→ **Exercise brief**
Only the pictures are to be left out; the listing itself is repeated exactly.

++++++++++++++++++++

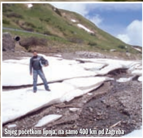
Snjeg početkom lipnja, na samo 400 km od Zagreba

Zamislite mjesto gdje ćete i za kišnog vremena naići na stotine istomišljenika koji su došli uživati u savršenim cestama kroz predivne krajolike. Ako se odlučite na put u gorje Dolomiti na sjeveru Italije, nećete morati zamišljati, već samo uživati
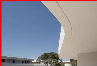
Ombres portées des balcons filants protégeant les vitrages d'un ensoleillement direct.

La pinède environnante étant l'un des points forts du site, chaque pin disparu a été remplacé pour recréer, à terme, un environnement boisé aussi dense qu'à l'origine. Reste à espérer que cette opération influence, à terme, la carte d'identité architecturale du quartier et que cette zone préservée devienne un lieu de référence en termes de confort de vie, où nature et construction s'unissent pour rimer avec réussite.
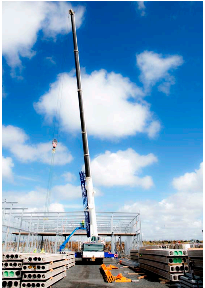
Kraftkranar eru sérhæfðir í vinnu við stálgrindarhús og einingahús.

++++++++++++++++++++

→ **Task output**
Snjeg početkom lipnja, na samo 400 km od Zagreba

Zamislite mjesto gdje ćete i za kišnog vremena naići na stotine istomišljenika koji su došli uživati u savršenim cestama kroz predivne krajolike. Ako se odlučite na put u gorje Dolomiti na sjeveru Italije, nećete morati zamišljati, već samo uživati
Ombres portées des balcons filants protégeant les vitrages d'un ensoleillement direct.

La pinède environnante étant l'un des points forts du site, chaque pin disparu a été remplacé pour recréer, à terme, un environnement boisé aussi dense qu'à l'origine. Reste à espérer que cette opération influence, à terme, la carte d'identité architecturale du quartier et que cette zone préservée devienne un lieu de référence en termes de confort de vie, où nature et construction s'unissent pour rimer avec réussite.
Kraftkranar eru sérhæfðir í vinnu við stálgrindarhús og einingahús.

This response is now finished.